• Work instruction
Go through the data below and transcribe it exactly. Omit the images.

** Data shown follows **

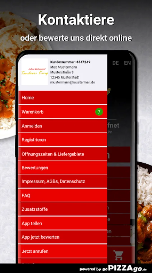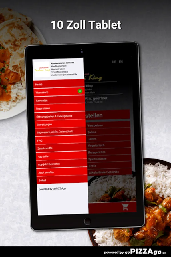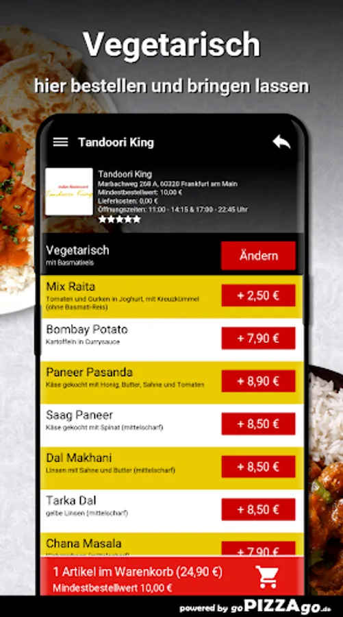 Order delicious Indian food and have it delivered by the Tandoori King Frankfurt am Main delivery service.We offer you delicious dishes based on original Indian recipes online. Chicken madras with basmati rice can be ordered for € 11.90, Kofta Masala, Bhindi Gosht can be brought to you by the delivery service at a price of € 12.90, Murgh pineapple with basmati rice can be ordered for € 11.90, lamb mango can be ordered for € 12, 90 €, delicious Chicken Jalfrezi delivered to your place of residence at high speed, the delivery service brings you tasty Chicken Biryani directly to your home at a price of 9.50 €. Butter Chicken (€ 9.50), Veg Jalfrezi € 10.50 and Paneer Pasanda with Basmati rice are available for € 8.90. Let Tandoori King spoil you with culinary delights!
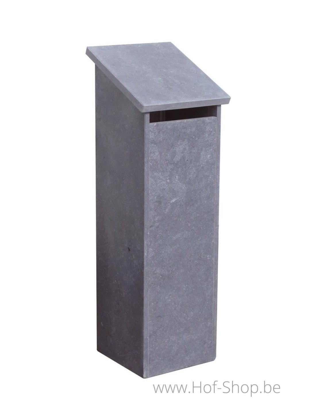 Deze eenvoudige brievenbus Marbella in Belgische blauwe hardsteen geeft een mooie toets aan de woning. Het schuin afhellende dak geeft een unieke uitstraling aan de brievenbus.
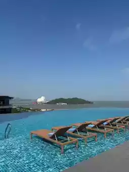 🌊 The infinity pool with sea views is the biggest highlight. Swimming while gazing at the Sun Moon Shell is an irresistible experience. Can’t wait for the rooftop bar to open!
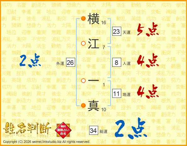 横江一真さんの総運は34画の2点!
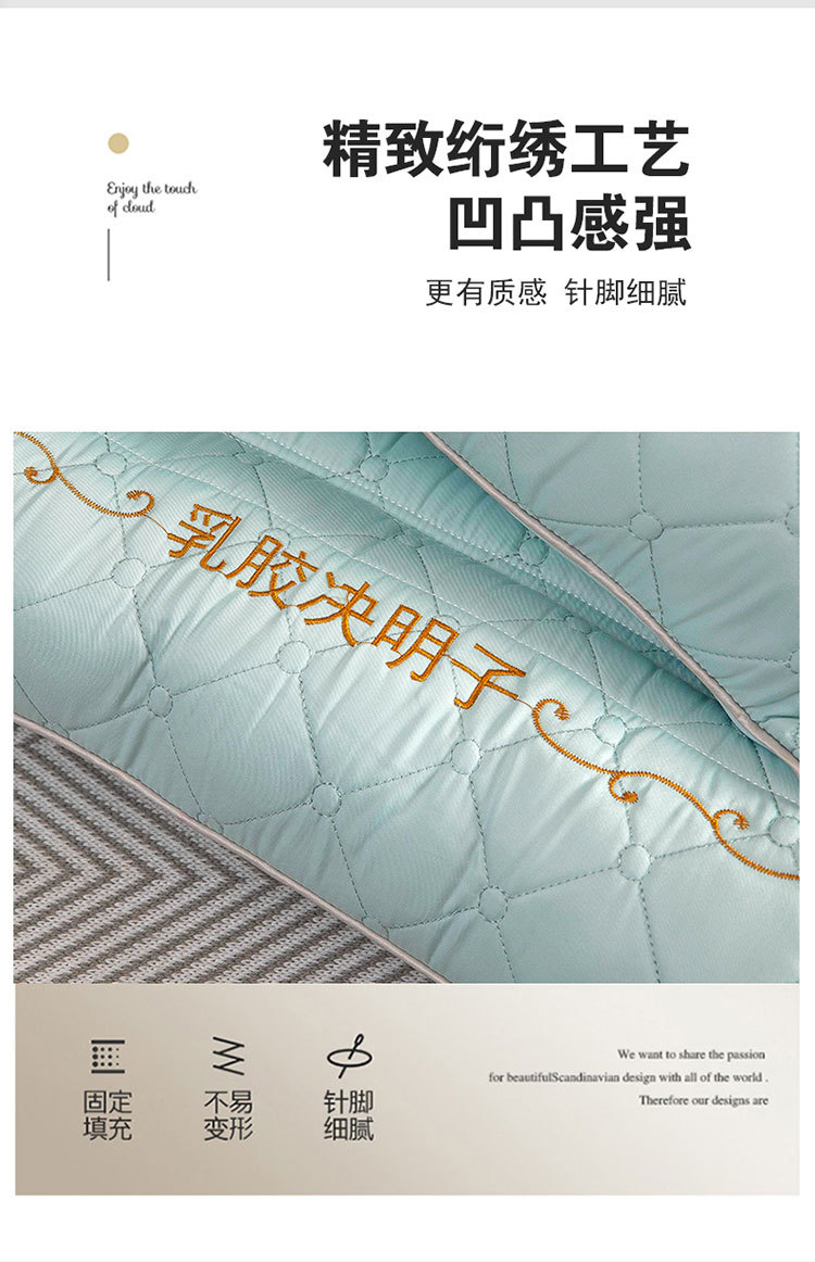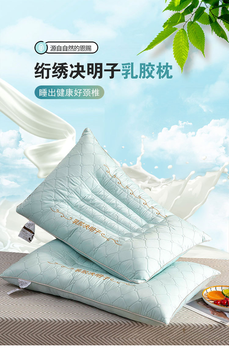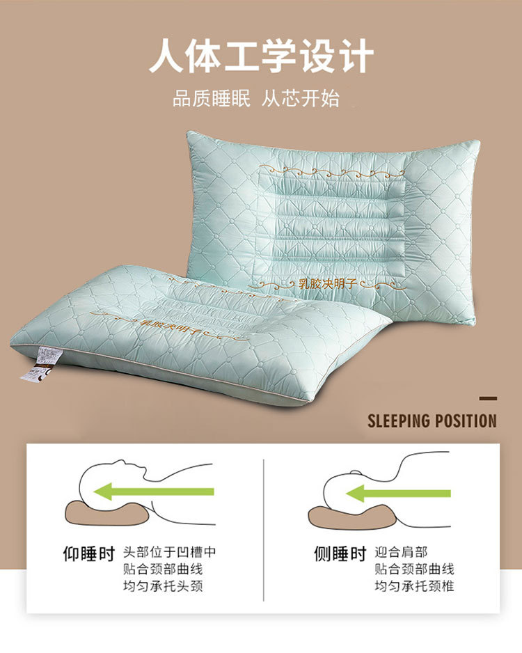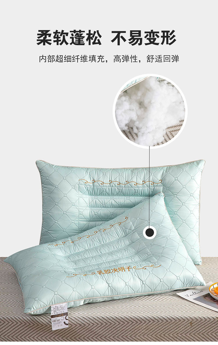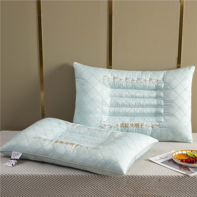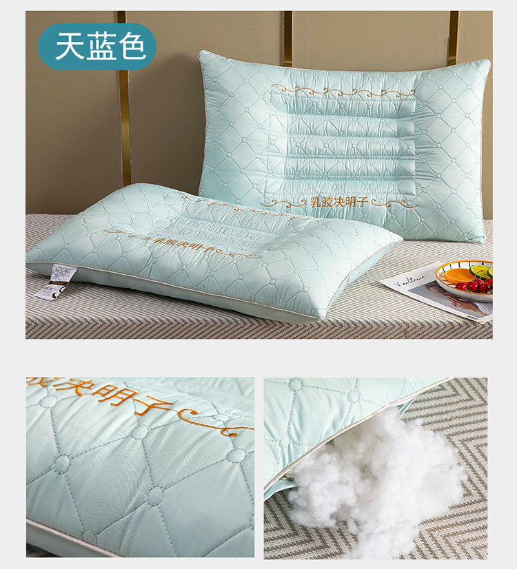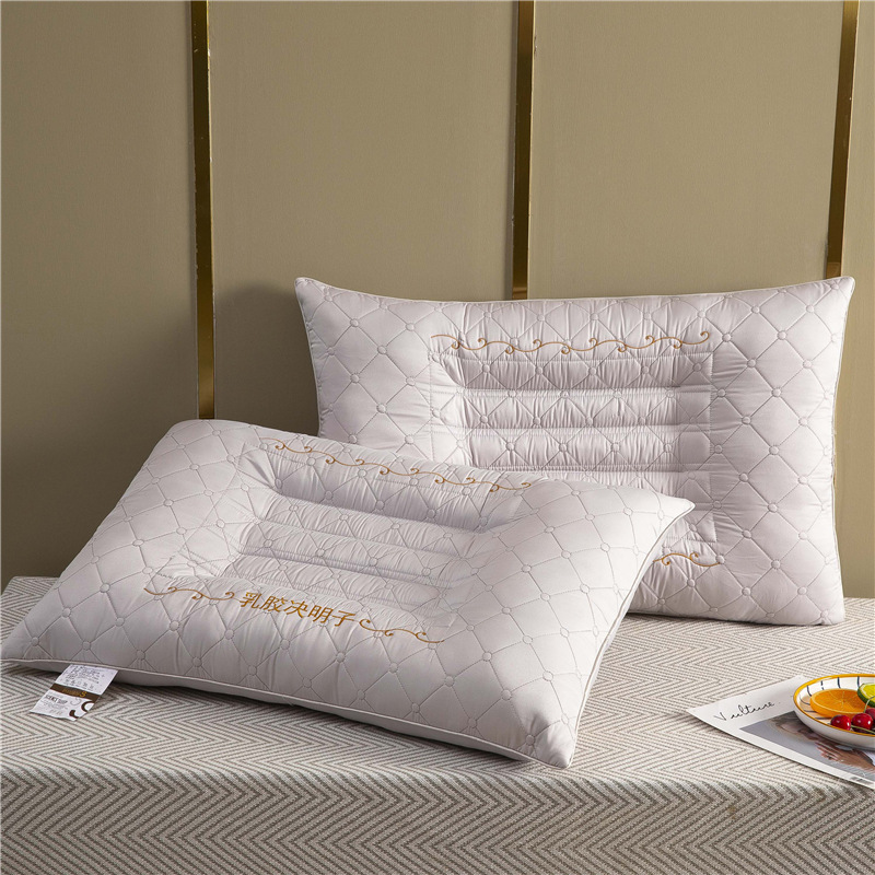 새로운 퀼트 자수 라텍스 계수나무씨 베개, 경추 보호 및 수면 보조 베개심, 가정용 싱글 사이드 수면 베개

** End of Data shown **

• Solution
 Order delicious Indian food and have it delivered by the Tandoori King Frankfurt am Main delivery service.We offer you delicious dishes based on original Indian recipes online. Chicken madras with basmati rice can be ordered for € 11.90, Kofta Masala, Bhindi Gosht can be brought to you by the delivery service at a price of € 12.90, Murgh pineapple with basmati rice can be ordered for € 11.90, lamb mango can be ordered for € 12, 90 €, delicious Chicken Jalfrezi delivered to your place of residence at high speed, the delivery service brings you tasty Chicken Biryani directly to your home at a price of 9.50 €. Butter Chicken (€ 9.50), Veg Jalfrezi € 10.50 and Paneer Pasanda with Basmati rice are available for € 8.90. Let Tandoori King spoil you with culinary delights!
 Deze eenvoudige brievenbus Marbella in Belgische blauwe hardsteen geeft een mooie toets aan de woning. Het schuin afhellende dak geeft een unieke uitstraling aan de brievenbus.
 🌊 The infinity pool with sea views is the biggest highlight. Swimming while gazing at the Sun Moon Shell is an irresistible experience. Can’t wait for the rooftop bar to open!
 横江一真さんの総運は34画の2点!
 새로운 퀼트 자수 라텍스 계수나무씨 베개, 경추 보호 및 수면 보조 베개심, 가정용 싱글 사이드 수면 베개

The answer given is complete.